What drew you to work at SRI?
My grandmother was diagnosed with breast cancer a few years ago and she received treatment at the Odette Cancer Centre. That’s how I was first exposed to Sunnybrook. Then I saw the [job posting] and thought [it would be a] great place to work, and I applied.
What is the GMP facility?
It is a Health Canada-regulated facility producing new cell and gene therapy products for use in human clinical trials. The facility is equipped with four Grade B and C cleanrooms used to process and manufacture these products. These controlled cleanrooms have very low levels of environmental contaminants like lint, dust, aerosol particles and airborne microbes, because strict cleanroom practices are in place. The volume of air in each of our cleanrooms is exchanged over 260 times per hour, making the room air at minimum 1,000 times cleaner than outside air. The facility employs strict practices to deliver quality across all facets of its operations.
What does the facility enable researchers to do?
The facility was built to enable researchers at SRI, and in Toronto and surrounding areas to be at the nexus of regenerative medicine. This branch of translational medicine deals with replacing, regenerating and engineering human organs, tissues and cells. It provides researchers with infrastructure, equipment and GMP expertise to take advanced bench research projects from the lab and into the clinics. A facility of this calibre will allow safe production of cellular products, biologics and biological drugs for testing in clinical trials and use in clinical settings.
What are some of your responsibilities?
I develop most of the protocols, write a lot of SOPs [standard operating procedures] and review projects.
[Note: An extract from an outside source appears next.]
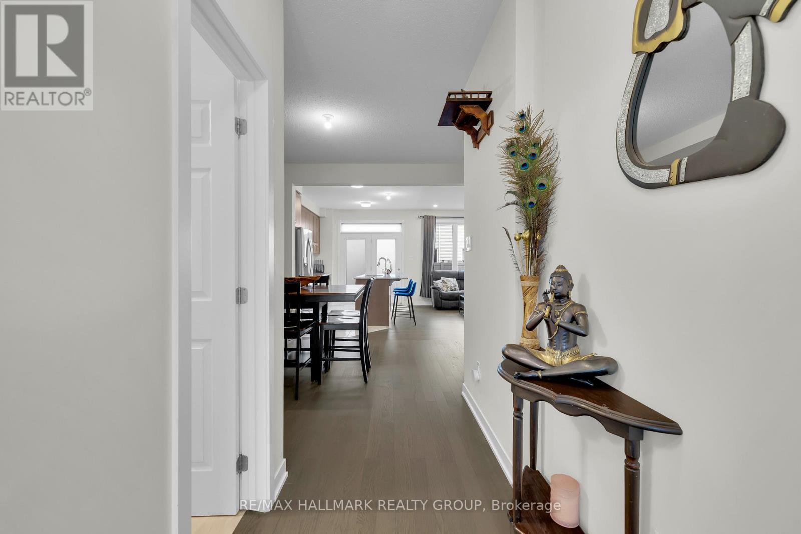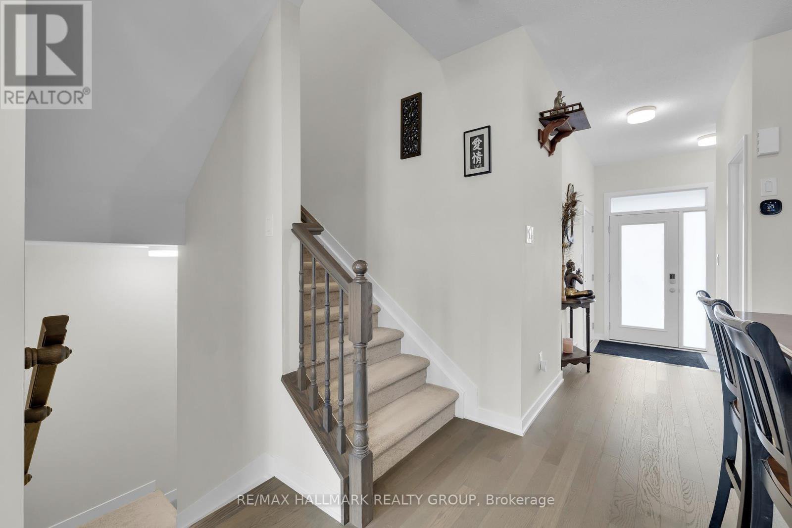 Welcome to this beautiful 3-bed, 4-bath townhouse, ideally situated just minutes from Kanata's tech hub, central Stittsville, and the Trans-Canada Highway/Queensway. The open-concept main floor features 9 ft ceilings, abundant natural light, and a smart layout with a foyer closet and conveniently located powder room near the inside entry. The kitchen is thoughtfully upgraded with quartz countertops, stainless steel appliances, a stainless steel undermount hood fan, tall upper cabinets, and an upgraded faucet. The living and dining area offers hardwood flooring, pot lights throughout, a beautiful fireplace, and direct access to the backyard. Upstairs, you'll find a spacious primary bedroom with a walk-in closet and a spa-inspired ensuite featuring a walk-in shower. Two additional bedrooms and a full bathroom complete the second level. The fully finished lower level adds even more living space, including a full bathroom, large windows, and ample storage. The neighbourhood surrounding 1076 Curraglass Walk offers a wide selection of schools, parks, and restaurants. The Canadian Tire Centre and Tanger Outlets Ottawa are just minutes away-and even within walking distance. This home is a fantastic choice for outdoor enthusiasts, shoppers, professionals, and pet lovers alike.

We make sure the cleanrooms are certified and are fit for clinical projects. Some of my responsibilities include pricing out services, writing service contracts, organizing operational logistics and creating the facility operating budgets. I also meet with the clients to determine their needs, assess our capabilities to deliver these and price out whatever services they need. It’s a busy place. We make sure that it’s always certified and ready to go.
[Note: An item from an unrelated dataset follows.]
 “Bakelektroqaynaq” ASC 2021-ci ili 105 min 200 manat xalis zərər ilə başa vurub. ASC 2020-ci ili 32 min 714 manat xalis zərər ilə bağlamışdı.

What’s a typical day like?
It changes every day. We are constantly documenting all activities, checking the cleaning logs to make sure the room gets cleaned, performing environmental monitoring and updating practices. We make sure all the required documents are available and signed off prior to filing.
What’s the most rewarding part of your job?
Getting the products out of the lab and into the clinics—that’s the whole objective of the GMP facility.
What are some of the products that come out of the labs and into the clinics?
The facility is accessible to internal and external academics as well as industry projects. Current projects include isolating and culturing islet cells from the pancreas to treat diabetes; aseptic expansion of T cells; and viral transduction of T cells for treating a genetic disorder. Dr. Charles Cunningham, a senior scientist in Physical Sciences, is producing a hyperpolarized compound to detect early-stage heart failure and understand if metastatic cancers are responding to therapy. The facility is also preparing to use isolated autologous stem cells to treat burn patients.
Was there a learning curve when you started?
I took the facility from the ground up to the operation stage. We are a lot further [ahead] than where we were three years ago. When I started my job, there were no procedures or systems in place to start operating. We had to go through the validation phase, ensuring all critical equipment and utilities were qualified as per Health Canada specifications required to get the GMP facility up and running.
Is it common for hospital-based research institutes to have GMP facilities?
There is an increased need for these facilities and we are seeing a few of them coming up. In the U.S., they have quite a number of them in a lot of hospitals and research institutions. I think it’s because manufacturing stem cell and regenerative medicine products warrant such infrastructures. We need to have facilities like this to be able to do the cell therapy.
Are you fully operational right now?
We are fully operational. We had our quality matrix survey done, and we are 80% there in terms of quality and what we can offer our clients.
Do you have any hobbies or interests you enjoy outside of work?
I like to read a lot of different novels. A good thing about my commute is that I’m able to read and get certain aspects of work done on the TTC and GO Transit. I spend a lot of my time with my kids because they are young and involved in activities.
Why did you choose a career in science?
I love experimenting, and I’ve always been drawn to anything scientific, the unknown, basically, just finding out how something works. Biological systems have always fascinated me. I’ve seen myself in a lab coat ever since I was a little girl.
Did you ever think you would manage a GMP facility?
No, I had never thought about it. For me, I always thought I’d be in research and probably teaching. I never really thought I would be behind the desk working in an operational role. But I do enjoy the numerous aspects of what I’m doing and being in a constant state of learning.
The GMP facility is part of the Centre for Research in Image-Guided Therapeutics, funded by the Canada Foundation for Innovation.